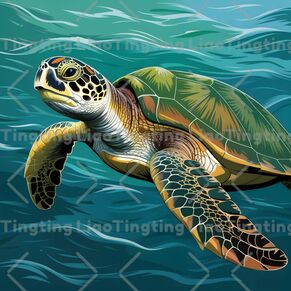 Ocean,Turtle,Sea Water,Watercolor,Retro
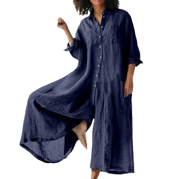 Wal-Mart трансграничный Amazon европейский и американский однотонный повседневный комбинезон с длинными рукавами средней длины из хлопка и льна с рубашкой для женщин
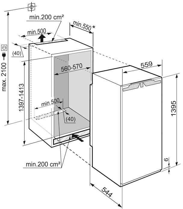 Холодильные камеры можно без труда разместить за фасадом кухонного гарнитура, благодаря чему они будут прекрасно гармонировать с Вашим кухонным гарнитуром. При этом необходимо соблюдать технологию монтажа встраиваемой техники. Монтаж фиксированной дверцы: мебельная дверца и дверца прибора крепятся друг к другу, при этом мебельная дверца крепиться непосредственно на дверцу холодильника. Монтаж буксируемой дверцы: Мебельная дверца закреплена непосредственно на высоком шкафу и соединяется с дверцей холодильника при помощи скользящей шины. При открывании и закрывании мебельная дверца скользит вдоль шины.

______________________________

→ YOUR INSTRUCTIONS
The finished answer is an exact repetition of the listing, with every picture removed.

→ EXERCISE RESULT
 Ocean,Turtle,Sea Water,Watercolor,Retro
 Wal-Mart трансграничный Amazon европейский и американский однотонный повседневный комбинезон с длинными рукавами средней длины из хлопка и льна с рубашкой для женщин
 Холодильные камеры можно без труда разместить за фасадом кухонного гарнитура, благодаря чему они будут прекрасно гармонировать с Вашим кухонным гарнитуром. При этом необходимо соблюдать технологию монтажа встраиваемой техники. Монтаж фиксированной дверцы: мебельная дверца и дверца прибора крепятся друг к другу, при этом мебельная дверца крепиться непосредственно на дверцу холодильника. Монтаж буксируемой дверцы: Мебельная дверца закреплена непосредственно на высоком шкафу и соединяется с дверцей холодильника при помощи скользящей шины. При открывании и закрывании мебельная дверца скользит вдоль шины.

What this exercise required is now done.